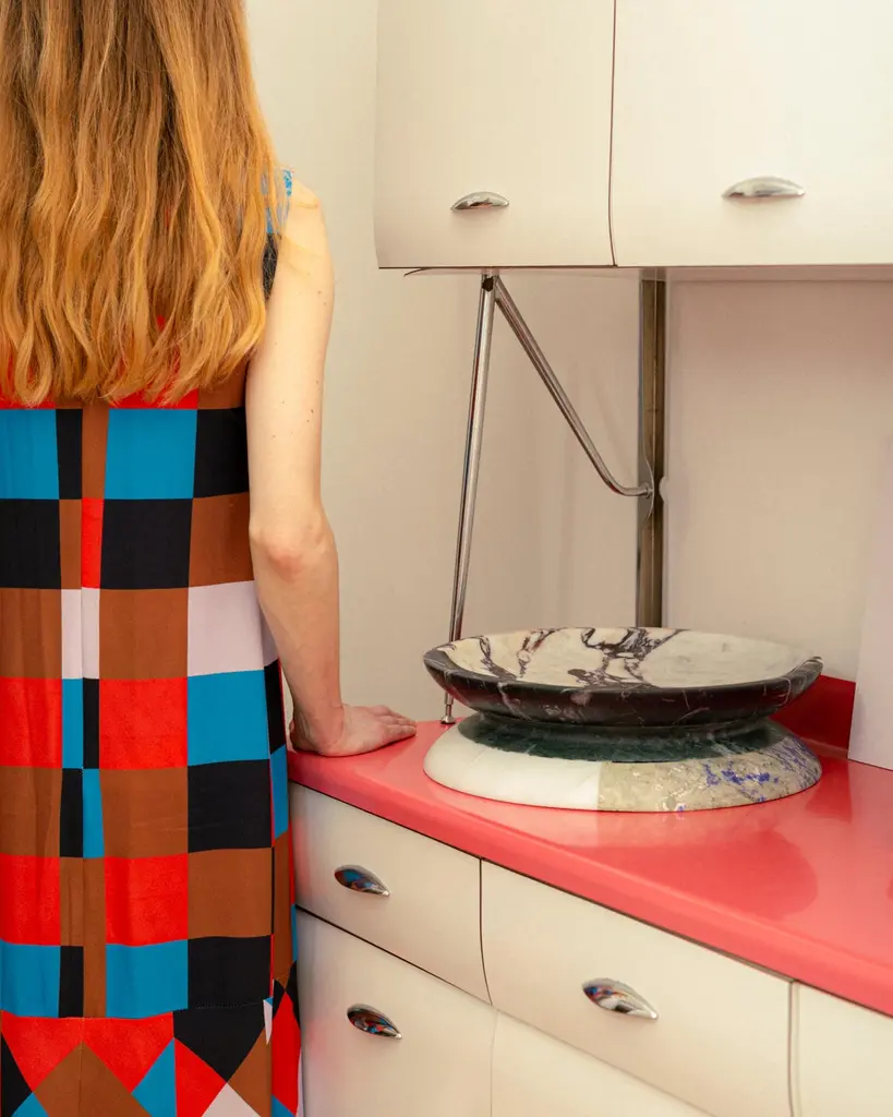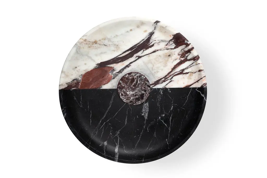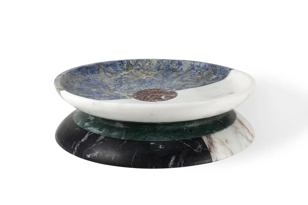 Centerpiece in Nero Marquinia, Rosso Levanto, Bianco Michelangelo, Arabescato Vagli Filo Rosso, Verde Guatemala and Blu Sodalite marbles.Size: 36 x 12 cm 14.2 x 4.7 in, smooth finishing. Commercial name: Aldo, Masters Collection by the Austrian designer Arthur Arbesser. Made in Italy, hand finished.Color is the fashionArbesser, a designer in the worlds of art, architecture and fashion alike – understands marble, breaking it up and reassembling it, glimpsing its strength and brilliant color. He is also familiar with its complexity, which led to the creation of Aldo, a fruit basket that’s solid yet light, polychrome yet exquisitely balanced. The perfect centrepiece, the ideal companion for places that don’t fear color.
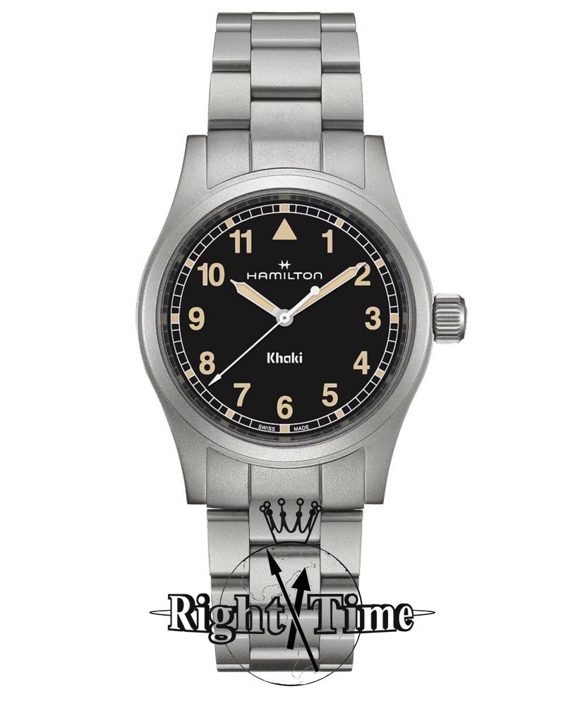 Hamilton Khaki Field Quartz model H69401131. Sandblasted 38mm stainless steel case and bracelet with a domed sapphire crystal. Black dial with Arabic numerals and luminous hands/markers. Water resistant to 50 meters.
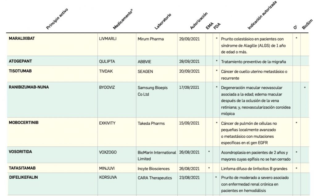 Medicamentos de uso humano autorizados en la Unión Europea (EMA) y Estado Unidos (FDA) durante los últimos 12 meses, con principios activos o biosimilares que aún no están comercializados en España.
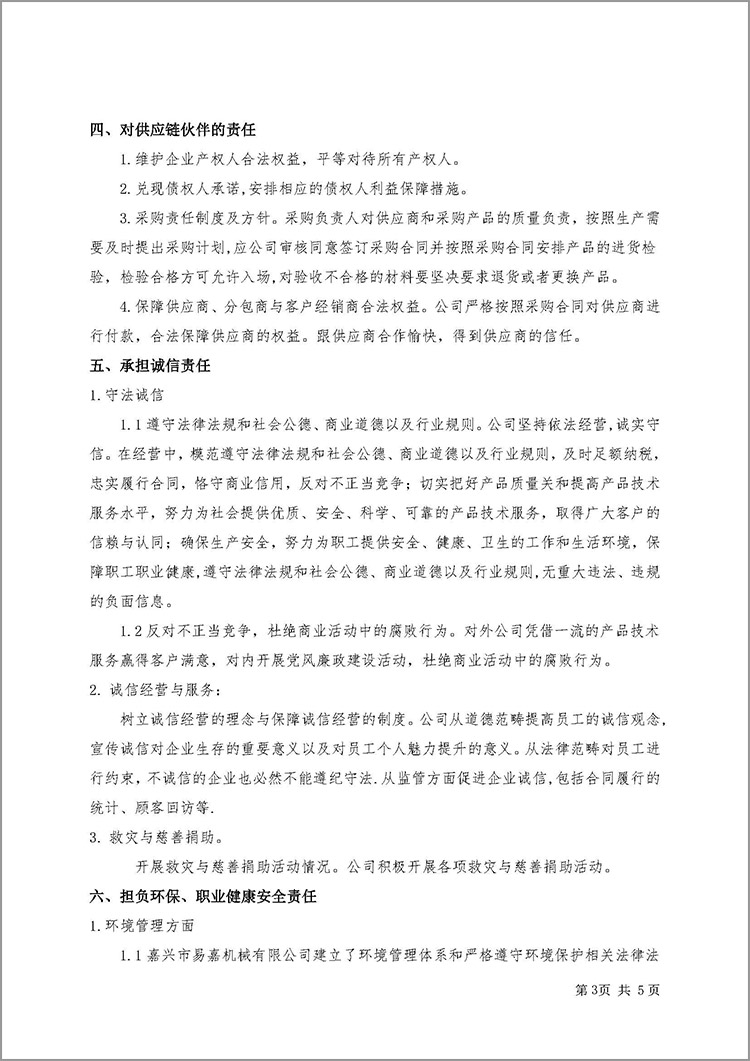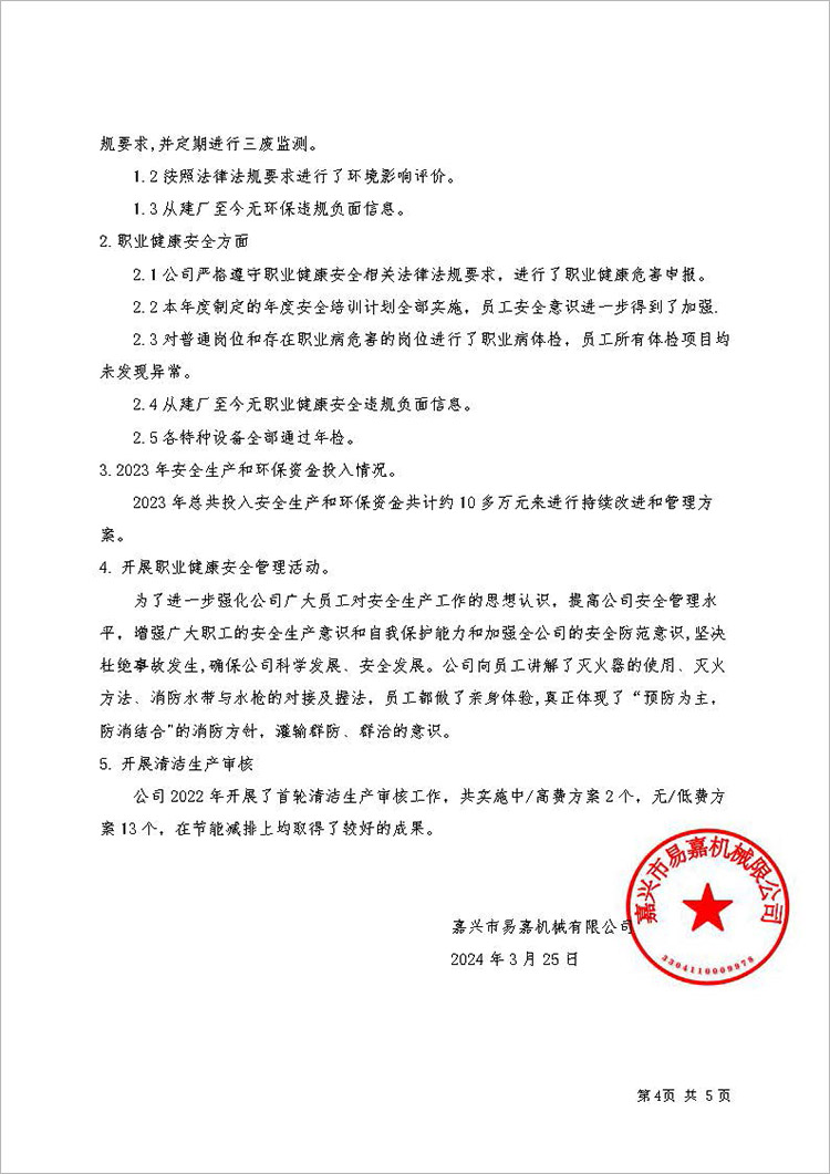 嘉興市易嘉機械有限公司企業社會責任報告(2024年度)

::::::

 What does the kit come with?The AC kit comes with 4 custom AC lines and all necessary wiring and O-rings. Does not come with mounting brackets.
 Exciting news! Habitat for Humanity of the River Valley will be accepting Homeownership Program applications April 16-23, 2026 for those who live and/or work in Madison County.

::::::

#### Brief
Though the entries above contain pictures, none should be copied; reproduce only the lines between the one holding "Medicamentos de uso" and the one holding "嘉興市易嘉機械有限公司企業社會責任報告(2024年度)", inclusive, exactly as written.

#### Response
 Medicamentos de uso humano autorizados en la Unión Europea (EMA) y Estado Unidos (FDA) durante los últimos 12 meses, con principios activos o biosimilares que aún no están comercializados en España.
 嘉興市易嘉機械有限公司企業社會責任報告(2024年度)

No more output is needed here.